現実は食べられるのか?― ブラジル・パンタナールでの冒険体験
イングランド中部で育った私は、熱帯のジャングルが身近にあるわけではありませんでした。バーミンガムの公園や運動場が、子どもの想像力をかき立て、インディアナ・ジョーンズごっこをゆっくりとした郊外の風景の中で繰り返していました。冒険に取りつかれた私は、ジョーンズの映画、過酷な野生動物のドキュメンタリー、ジャングルに関する本を貪るように読んで、今も続く情熱を育んできました。
旅への渇望と初めての挑戦
家族旅行はヴァンデやスウェーデン諸島へ行く程度で、いずれも安全で手軽なものばかり。むしろ、メディアで描かれた野生世界と実際の世界の違いを確かめたくてたまりませんでした。大人になり、経済的にも自立できたとき、私は世界中に飛び出し、冒険ラボに入り込んで自分の子どもの頃の疑問に答えるべく、様々な体験を集めました。
これまでの旅路
南シナ海でのアイランドホッピング、シベリア鉄道、ゴビ砂漠のトレッキング、スーダンでの迷子、ナミビアの荒涼とした大地への恋…数え切れないほどの旅を経験しましたが、心の奥底で常にひらめき続けた場所がありました。
パンタナールへの出発
数年前、胸が高鳴る思いでブラジルの中心部に位置する湿地・ジャングル「パンタナール」へ向かいました。アマゾンに匹敵するほどの植物・動物多様性を誇りますが、観光客の足が少なく、まさに秘境です。ここにはアマゾンでは見られない固有種が多数生息しています。
「アナコンダ」「ピラニア」「カイマン」「キラーベーズ」…語り草になるエピソードが満載です。
現地での準備と行動
二人の友人と共に、大学の図書館で古いガイドブックを調べましたが情報は古く、ほとんど役に立ちませんでした。そこでリオの現地人に話を聞き、バスの時刻表を手に入れ、リオで出会ったウェイトレスの遠い親戚が働く牧場へ向かいました。旅行期間は6か月と長く、失敗しても時間に余裕があったのが大きな強みでした。

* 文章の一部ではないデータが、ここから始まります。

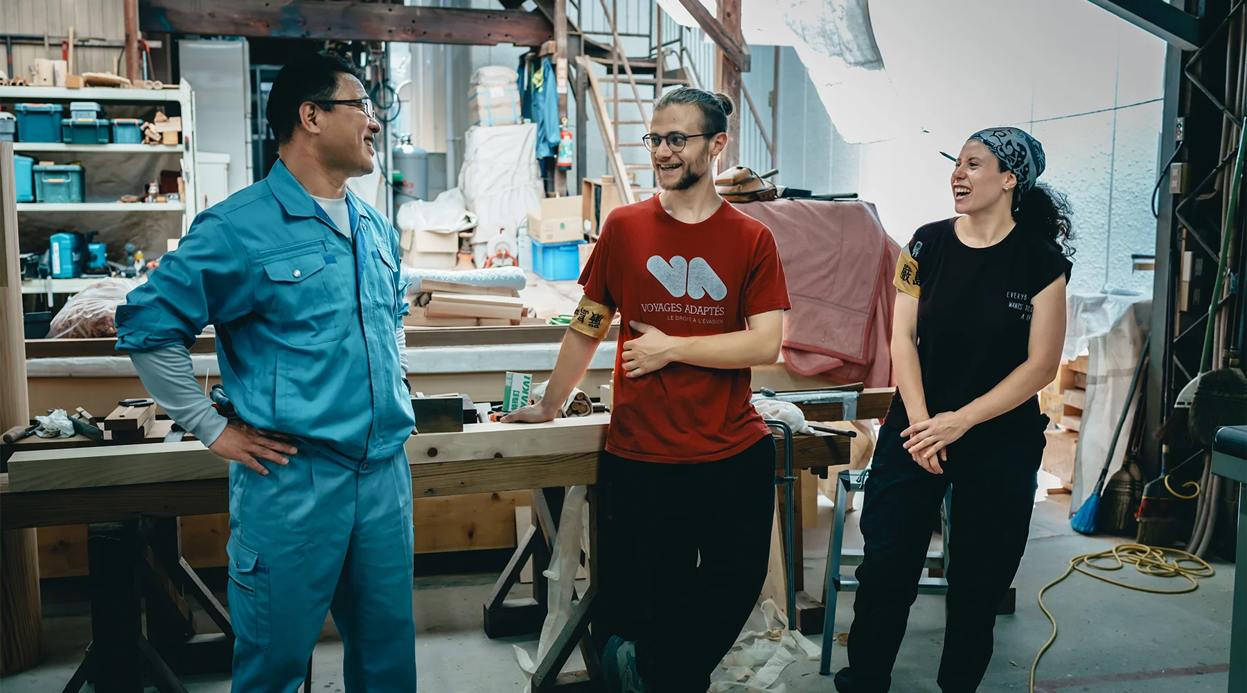 取材の日、二人はビザを利用してフランスから来日中だった。「何でも経験させてくれる三舩さんの指導は、とても分かりやすい」「フランスでは押して使う鉋(かんな)を日本では引く。工具の使い方ひとつ取っても新鮮です」と、来日にあたり1年間勉強した日本語で話してくれた。

3週間にわたり、遠隔地のキャンプや広大な湿地での野宿を繰り返し、ジャングルの天蓋からは常にサルの鳴き声が聞こえてきました。
パンタナールでのハイライト
オープンなサバンナを馬で駆け抜け、キラーベーズが飛び交う樹木が生い茂る狭い小道へ入る体験は忘れられません。また、古い厩舎で巨大なボアコンストリクターと共に過ごした夜や、ワニに追われた瞬間、足元に潜むアナコンダを探し出した瞬間も鮮烈です。ピラニアを釣って食べたこと、タランチュラを捕まえたこと、ワニを泳ぎ切ったこと、滝に飛び込んだこと、酋長の娘と軽く口説いたこと…すべてが現実の冒険でした。
恐怖や遠慮は無く、ただ純粋に「野生」の世界を味わい尽くしました。ハリウッドの特殊効果に頼らない、本物の映画のような冒険は、パンタナールで実現できたのです。